Entertainment as a Tool for Health Behavior Change

By Sapna Suresh

The radio soap opera Toma mi Mano, a 156-episode Spanish-language program broadcast across all 22 departments in Guatemala, features Ruth: a young woman who suffered years of sexual abuse at the hands of her uncle. Although for a while she believed him to be completely out of her life, he returns to Guatemala and soon turns his attention to Ruth’s teenage sister. Scarred by her own past abuse, Ruth tries to speak up but is quickly dissuaded by her mother. Despite the potential backlash, Ruth’s partner supports her decision to take a stand, pushing her to stop the cycle of abuse from perpetuating. To many Guatemalans, this story struck a personal chord. Several participants in a listener focus group expressed horror at Ruth’s mother’s indifference to her daughter’s pain and felt emboldened to take a more active role in parenting their own children so as to build a more trusting relationship. The resonance of this plotline is especially plausible given the pervasiveness of male chauvinism, or machismo culture, in contemporary Guatemala – an issue that the radio drama’s producers intentionally sought to address with Ruth’s character arc. This storyline and the other narratives featured in Toma mi Mano are typical examples of social behavior change interventions that seek to transmit knowledge, update attitudes, and change behaviors in order to facilitate better outcomes for health and wellbeing.

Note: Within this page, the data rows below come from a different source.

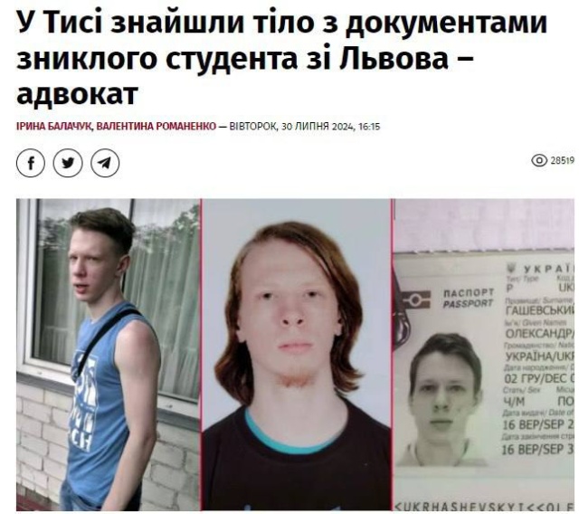 В печально известной Тисе венгерские пограничники нашли тело 20-летнего львовского студента Александра Гашевского, гибель которого украинская сторона списала на попытку "уклониста" переплыть реку.
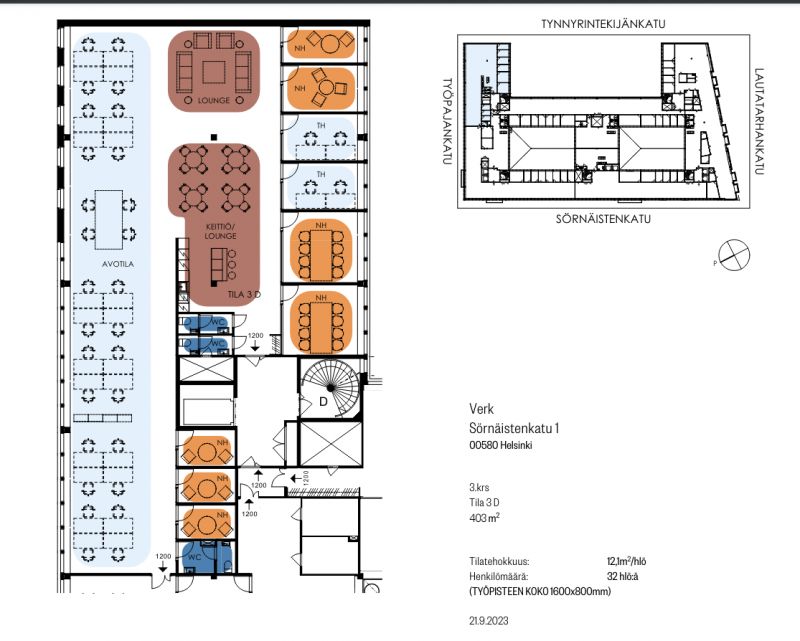Vuokrattavana 403 m2 kokoinen kokonaisuus persoonallista toimitilaa Kalastaman alueelta. TIla sijaitsee kohteen 3:ssa kerroksessa ja tarjoaa upeat näkymät Teurastamon suuntaan. Tilan pohjaratkaisu räätälöidään vuokralaisen toiveiden mukaan. Tilaan on mahdollista toteuttaa esimerkiksi avotilan ja huonetoimistojen yhdistelmää. Kohteen atriumpiha tarjoaa tilaan persoonallisuutta ja runsaasti valoa. Kohteen vuokralaisille toteutetaan myös tyylikäs keittiö- ja loungealue.
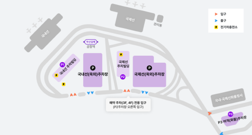 만차 시에는 P1, P2 여객 주차장을 이용해 주시기를 부탁드립니다.
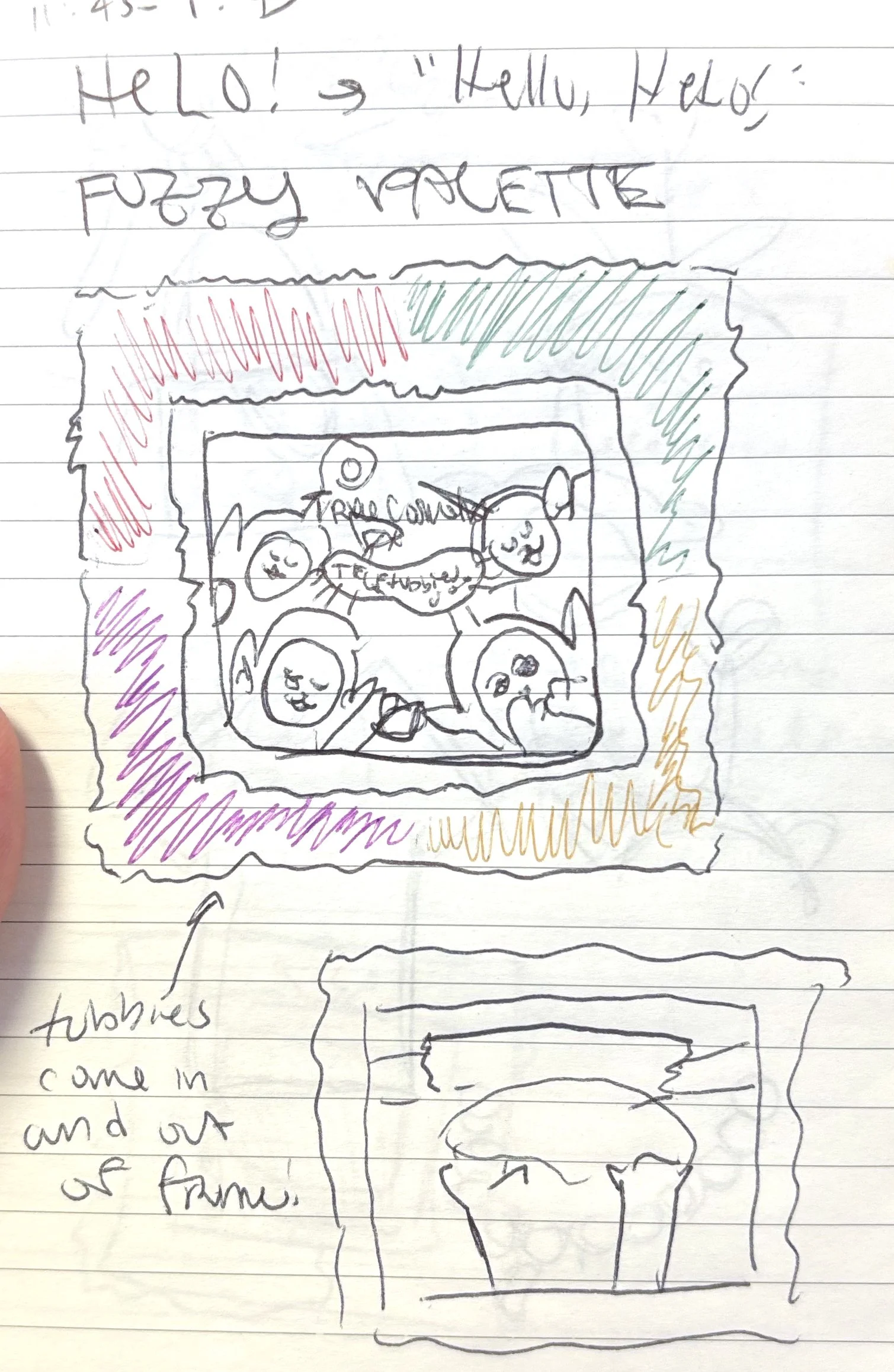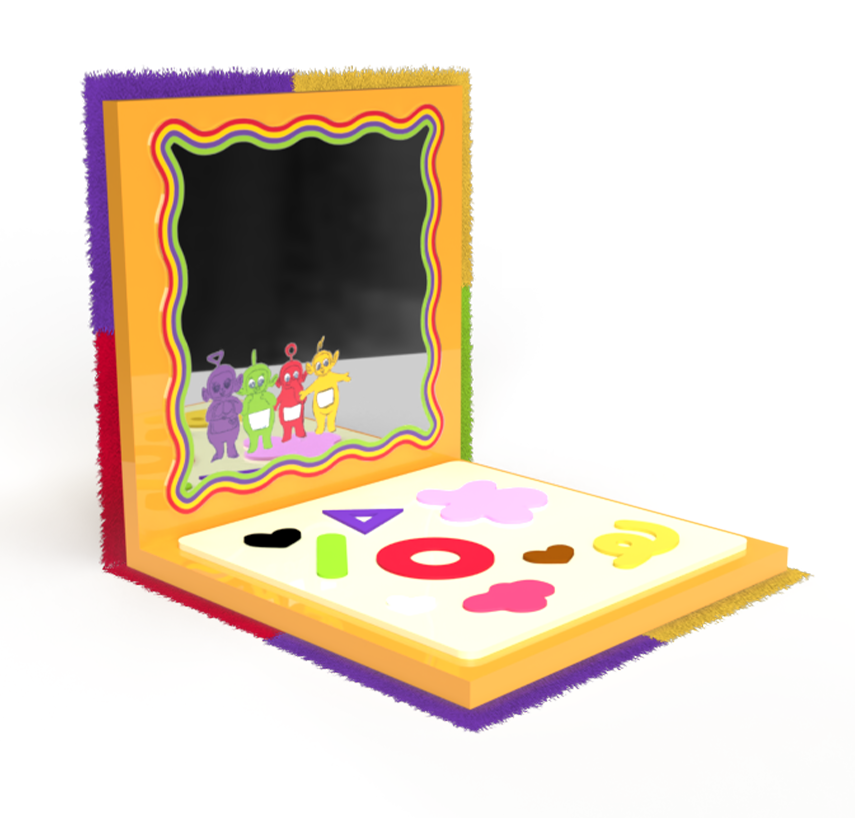 It was decided early that the initially proposed plush exterior would be cut due to production costs in favor of the lenticular effect that would show the Tubbies moving in and out of frame. Upon receiving the samples in person, the lenticular effect was also scrapped — the effect worked nicely, but it didn’t give the whimsical vibes the team was hoping for.

Toma mi Mano was developed by Population Media Center (PMC), a non-profit organization promoting pro-social change in countries around the world through the production of “entertainment-education”. This type of communication campaign seeks to address a range of health-related issues, including sexual and gender-based violence, reproductive health, family planning, and environmental sustainability, through the use of scientifically grounded approaches to behavior change. Specifically, when characters in PMC’s radio and television programs demonstrate the consequences of undesired behaviors and adopt norm-upending behaviors to a beneficial end, they boost listeners and viewers’ efficacy to enact such changes in their own lives.

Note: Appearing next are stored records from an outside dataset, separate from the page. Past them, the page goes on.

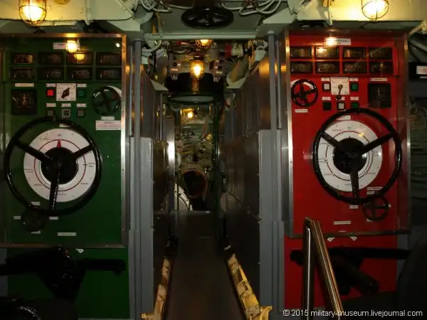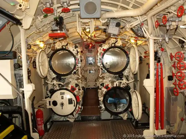 Но, перед выходом на поверхность, мы заглянем в последний, шестой отсек - кормовой. Там расположен резервный пост управления рулями, баллоны с сжатым воздухом и устройства для отстрела ложных целей и установщиков помех:
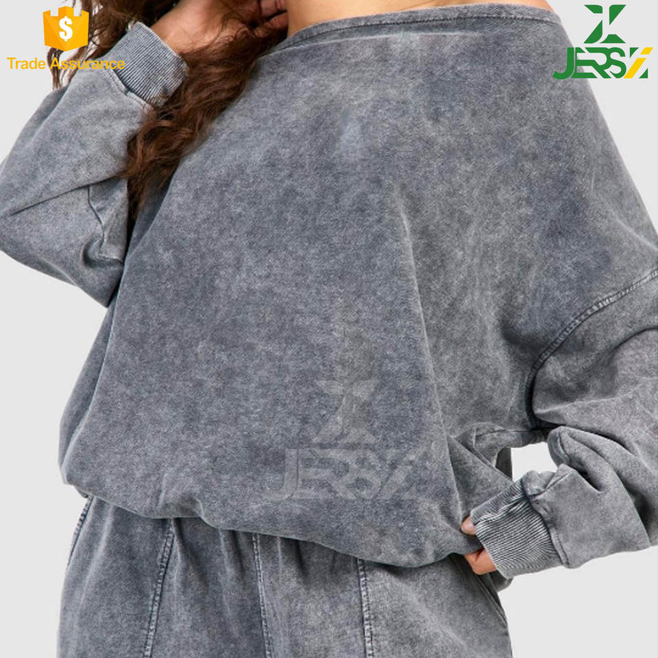 Acid wash tracksuit Off the shoulder set Charcoal tracksuit
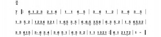 笔者弹奏的实际旋律仅在一个八度之内,实际演奏旋律为(谱例2):

PMC’s programming employs several methods to bolster the likelihood of persuasive effects on audiences. One technique they use is presentation of the story over many sequential episodes to draw in audiences’ attention, thereby allowing their cognitive and emotional resources to become fixed on the slowly advancing plot. Another approach involves including positive, negative, and transitional role models who make evident the consequences of different behavioral choices and provide diverse characters onto whose experiences audiences can map their own. By virtue of both the serial format and character identification process, audiences are also able to develop para-social relationships. Specifically, as the narrative progresses and consumers of the program become increasingly involved and invested in the lives of the people in the story, they develop connections with these characters that mimic interpersonal relationships. This process enables the characters to spur motivation within the audience members by serving as friends, mentors, and aspirational figures.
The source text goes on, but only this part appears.